Tuesday, February 14, 2017

Girls, Revisited

It seemed weirdly epic, Sunday night, to be sitting in the dark in K's apartment, binge-watching Season 5 of Girls in preparation for that night's premiere of the final season.  Back in 2013 I wrote about feeling like an 'emerging adult' as I handed in my master's thesis on the show, and now, in 2017, more endings and more beginnings are emerging for me. It's been 3.5 years since leaving Denmark, a year with K, 3 years at Twitter, 3 months since leaving, 3 weeks since the Trump era has begun. So much has changed since that blog post, and yet I still find myself wanting to find some full-circle niceties on which to judge the interim.

still self-satisfied, always wanting more 

Like Hannah, Marnie, Jessa, and Shoshanna's world, my circumstances have changed and I'm older, but the patterns of progress and closure still feel messy. Unlike them, though, I hope (to god) I've evolved more than they have. Marred by immaturity, obliviousness, and lack of self-awareness, the girls of Girls are just barely adults after 6 years, yet I keep watching the train wreck for the few, sublime moments of heart that Lena Dunham pulls off. What continues to fascinate me about the storytelling of the show is that the characters, while perhaps caricatures of people, are inexorably who they are. This is different from saying they know who they are, but they chase after some vision of what they want, at all costs. This kind of storytelling is bold; it may diverge from realism into satire, but there's a certain steadfast adherence to depicting the messiness of emerging adulthood in the show's style, stories, protagonists, and comedy that I admire.
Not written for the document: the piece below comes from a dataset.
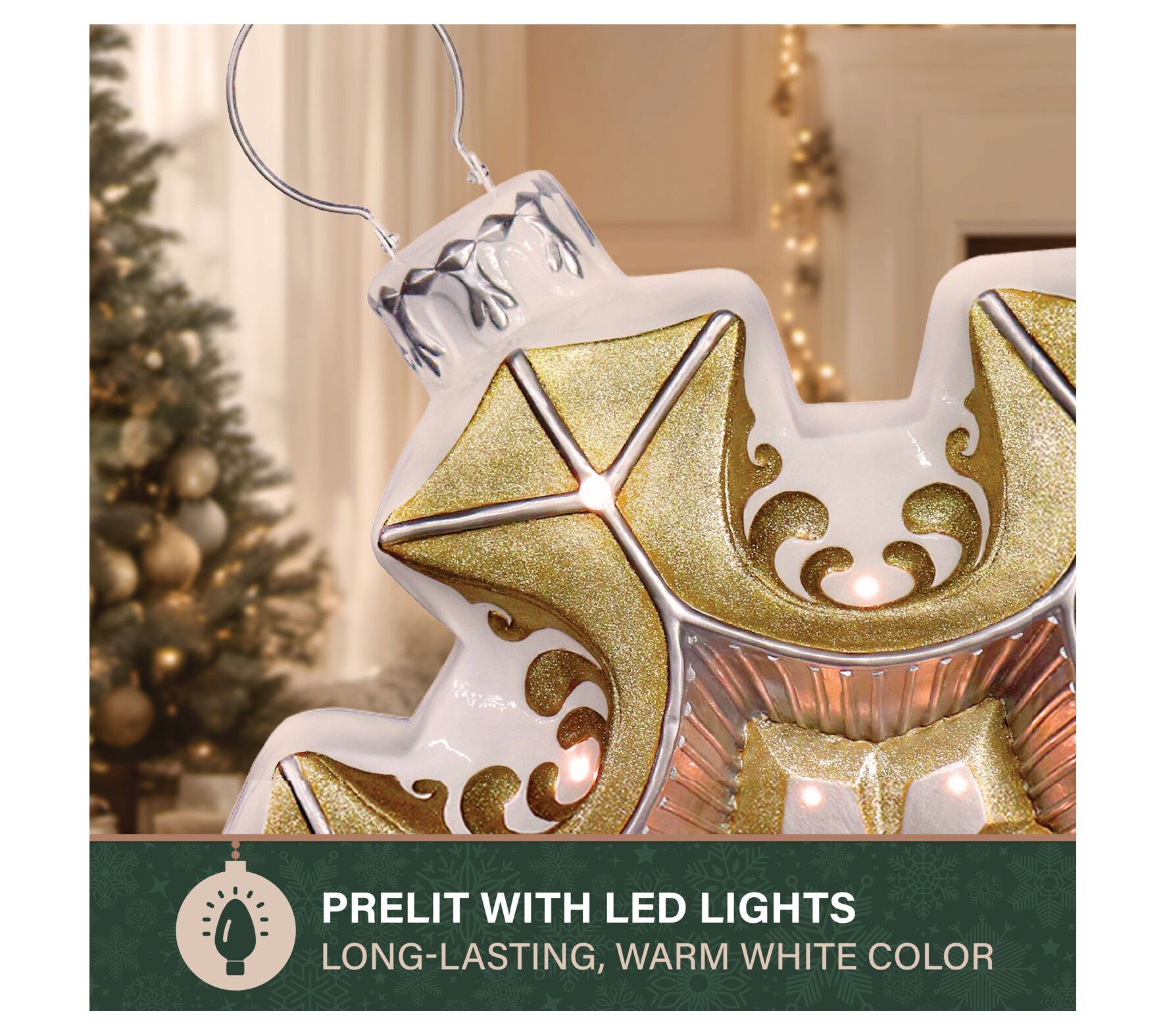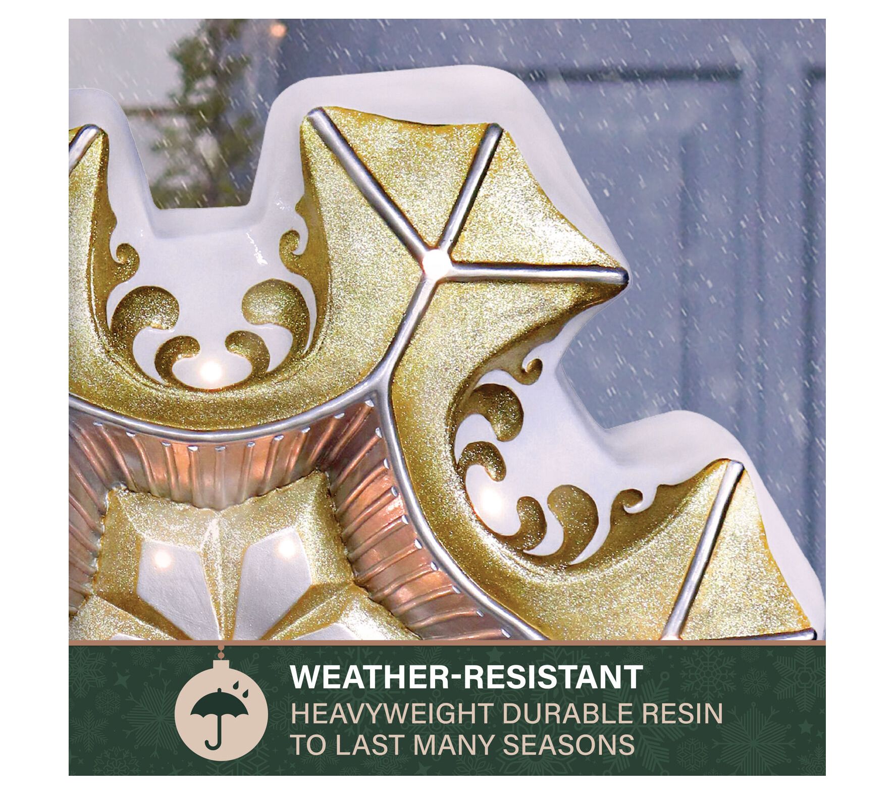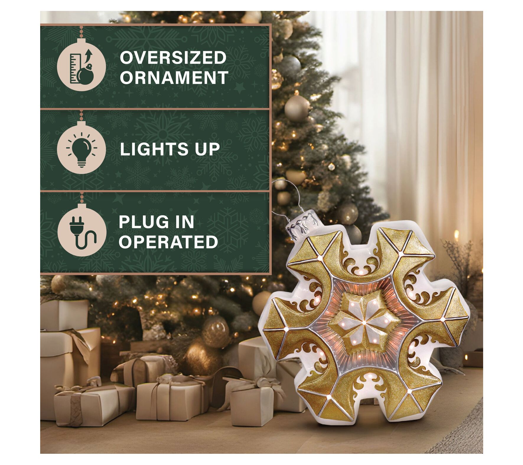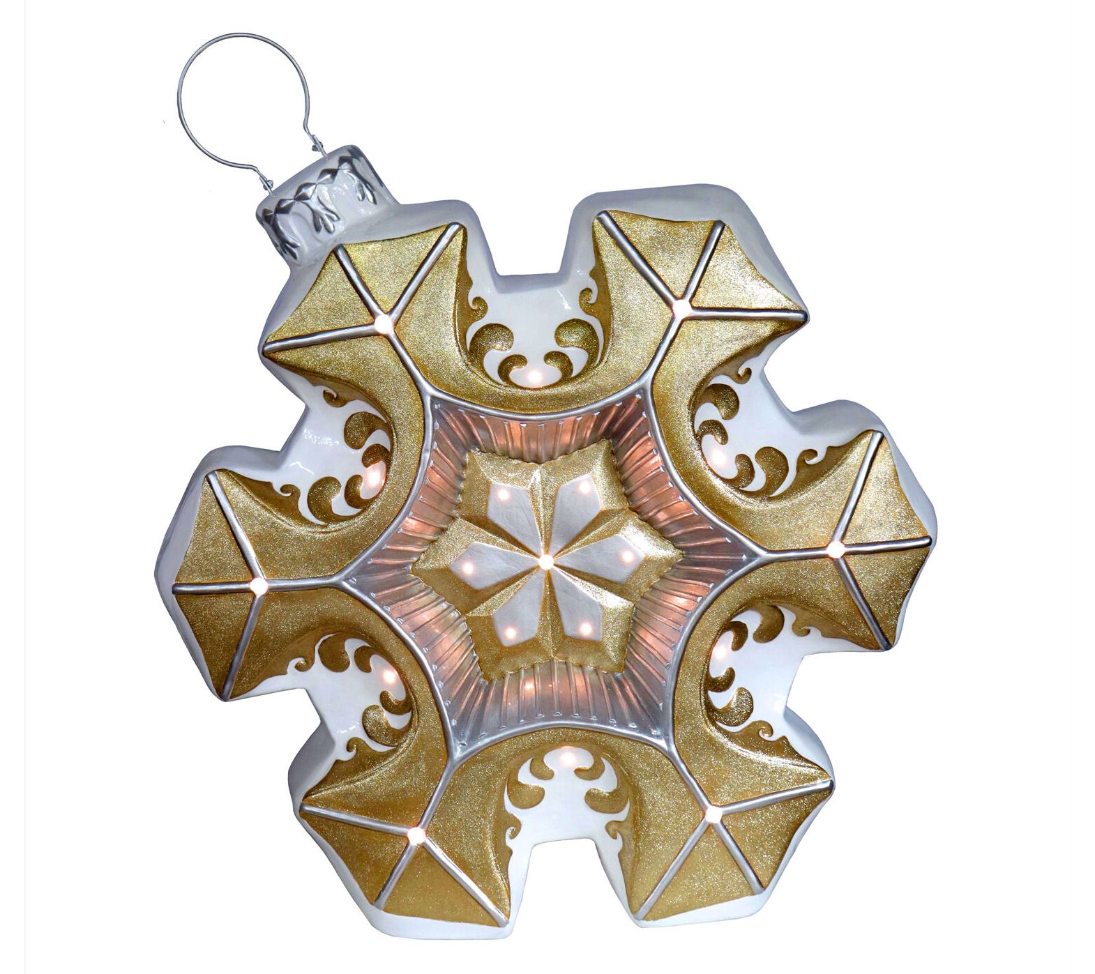 Transform your holiday display with the elegant charm of this charming ornament statue. Standing majestically tall, it showcases a vintage snowflake design with glistening warm white LED lights, adding a shimmering glow to your entryway or outdoor space. The durable construction allows it to withstand seasonal elements, ensuring lasting enjoyment. Place it near your tree or doorway to greet guests with festive warmth and style. From Fraser Hill Farm.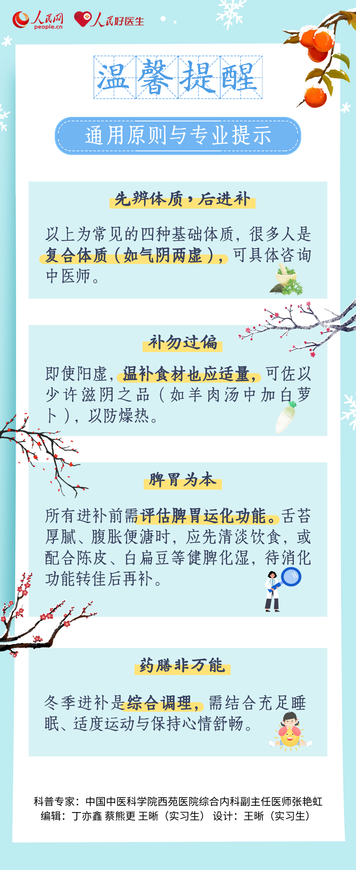 编者按:又到了一年中最寒冷的时候,俗话说“冬令进补,来年打虎”,这蕴含着中医顺时养生的智慧。然而进补的关键在于“辨证施补”。补不对证,反受其害,如何高效简单地辨识自己的体质精准进补?今天,一起来看看4种常见体质的简明辨识要点与专属进补方案。

It would do me well, in this time in my life, to appreciate that I may not ever be done, baked, out of the oven. I want to remember my former appreciation of the process, not outcome, of adulthood, as I described in the blog post. It's hard to remember, much less accept, that change can feel like crisis, loss, or adventure, and that curiosity eschews closure. These notions are hard for us as we settle into our adult lives, where bank account zeros and career achievements and personal milestones start to feel more like must-haves than guidelines. But believing in the process (especially creatively) means taking risks, and this gets harder as we start to decide, 'well, this is it, this is my life.'

Today, though, on a walk in the sun with icicles dripping off roofs and a podcast in my ear, I vowed to remember my potential to change for the better. Instead of nostalgia for the grad school days of being broke and wistful, I'm choosing to see the past three years as a continuation of emergence into that flow of adulthood. My Danish may be rusty but I'm fluent in queer. I may not long to see all the movies all the time, but maybe I've consumed enough stories to know how to tell a good one someday. We'll just have to see how it plays out.